• **Work task**
Skip the pictures. Return exactly the lines from the one containing "Car Trash Can" through the end of the entries below.

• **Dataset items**
—————

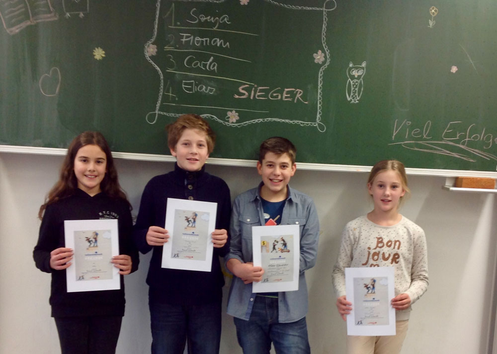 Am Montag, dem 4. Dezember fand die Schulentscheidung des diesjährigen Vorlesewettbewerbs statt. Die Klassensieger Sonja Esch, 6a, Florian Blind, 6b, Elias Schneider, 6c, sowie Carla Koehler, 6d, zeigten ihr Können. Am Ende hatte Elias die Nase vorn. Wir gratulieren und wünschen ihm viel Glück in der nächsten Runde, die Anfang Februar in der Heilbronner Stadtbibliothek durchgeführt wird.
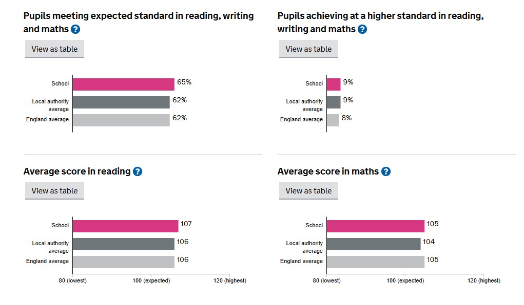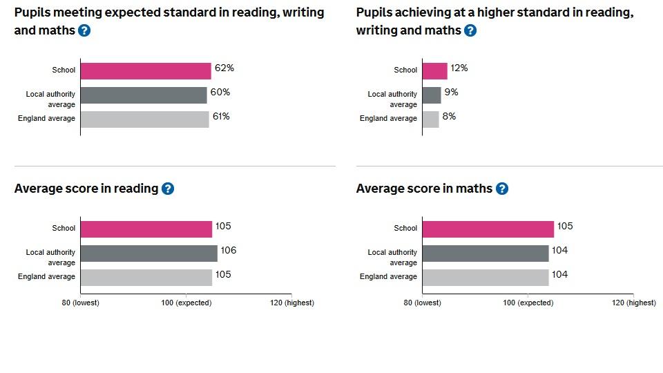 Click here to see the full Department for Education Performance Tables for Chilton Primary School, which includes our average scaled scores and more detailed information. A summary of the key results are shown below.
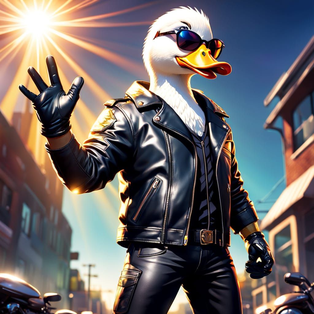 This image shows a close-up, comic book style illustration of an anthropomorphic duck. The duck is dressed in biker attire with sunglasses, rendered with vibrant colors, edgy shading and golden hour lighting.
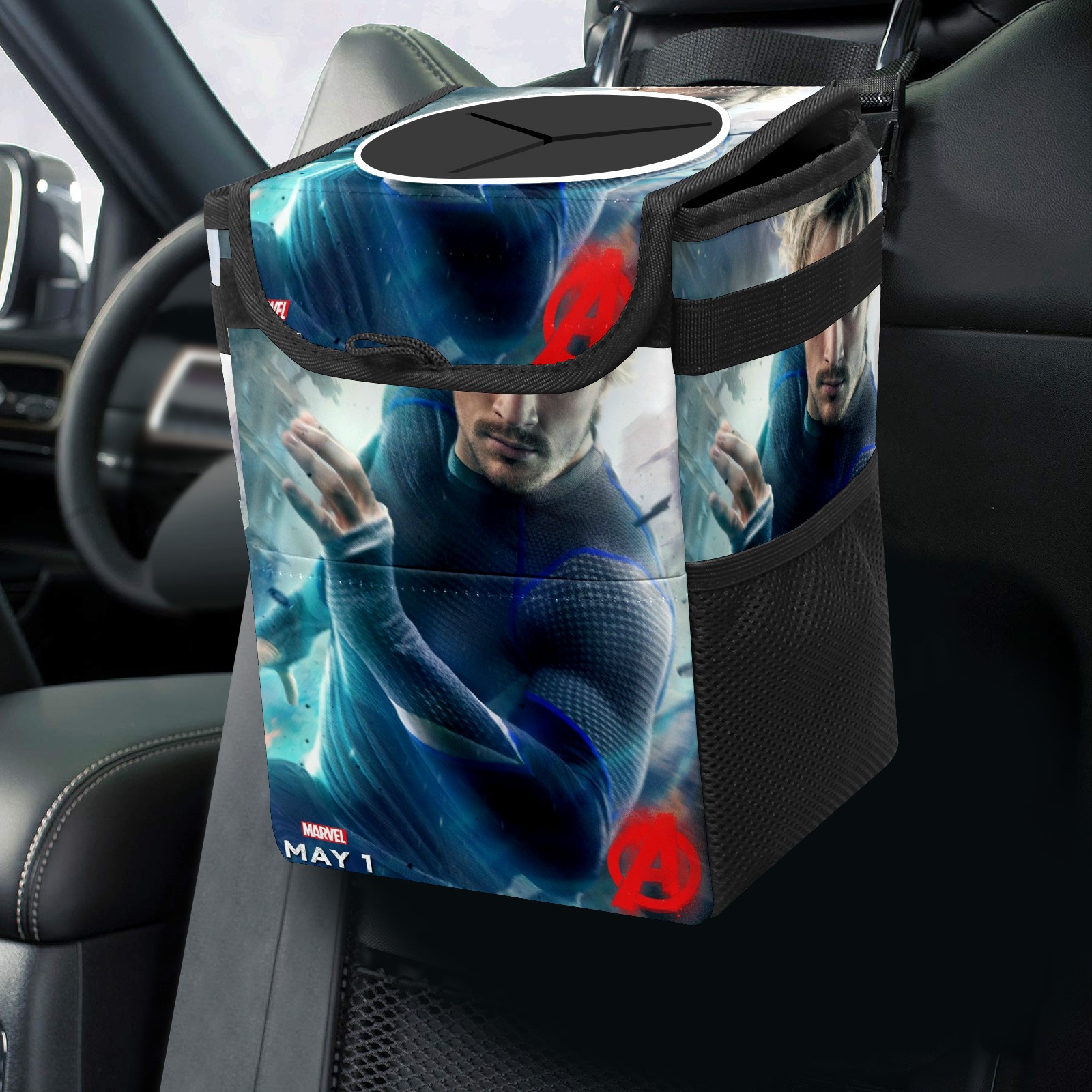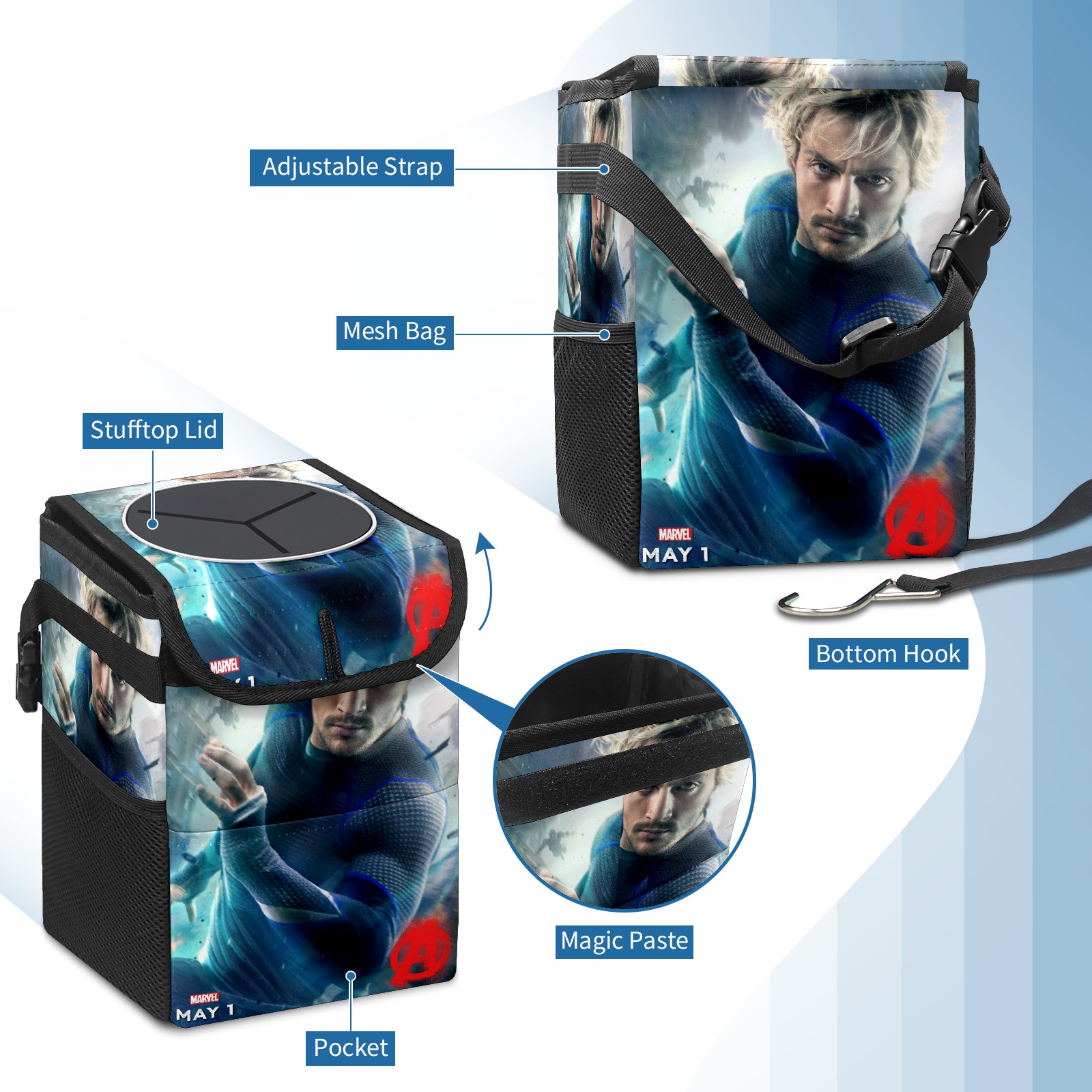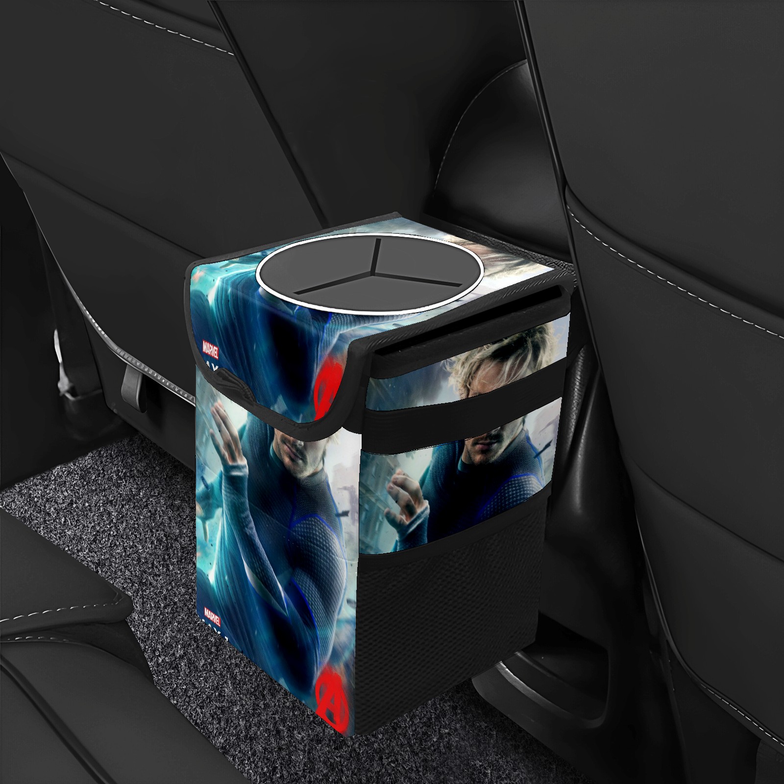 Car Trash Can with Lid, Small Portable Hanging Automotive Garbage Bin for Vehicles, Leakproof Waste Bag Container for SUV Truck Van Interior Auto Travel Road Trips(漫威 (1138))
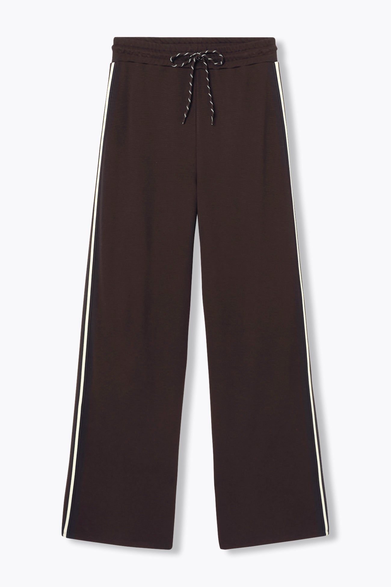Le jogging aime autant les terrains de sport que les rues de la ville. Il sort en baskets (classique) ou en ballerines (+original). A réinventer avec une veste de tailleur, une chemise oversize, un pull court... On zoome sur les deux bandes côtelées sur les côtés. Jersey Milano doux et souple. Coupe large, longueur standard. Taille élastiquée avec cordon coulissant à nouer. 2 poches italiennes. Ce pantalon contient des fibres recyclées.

—————

• **Solved problem**
 Car Trash Can with Lid, Small Portable Hanging Automotive Garbage Bin for Vehicles, Leakproof Waste Bag Container for SUV Truck Van Interior Auto Travel Road Trips(漫威 (1138))
Le jogging aime autant les terrains de sport que les rues de la ville. Il sort en baskets (classique) ou en ballerines (+original). A réinventer avec une veste de tailleur, une chemise oversize, un pull court... On zoome sur les deux bandes côtelées sur les côtés. Jersey Milano doux et souple. Coupe large, longueur standard. Taille élastiquée avec cordon coulissant à nouer. 2 poches italiennes. Ce pantalon contient des fibres recyclées.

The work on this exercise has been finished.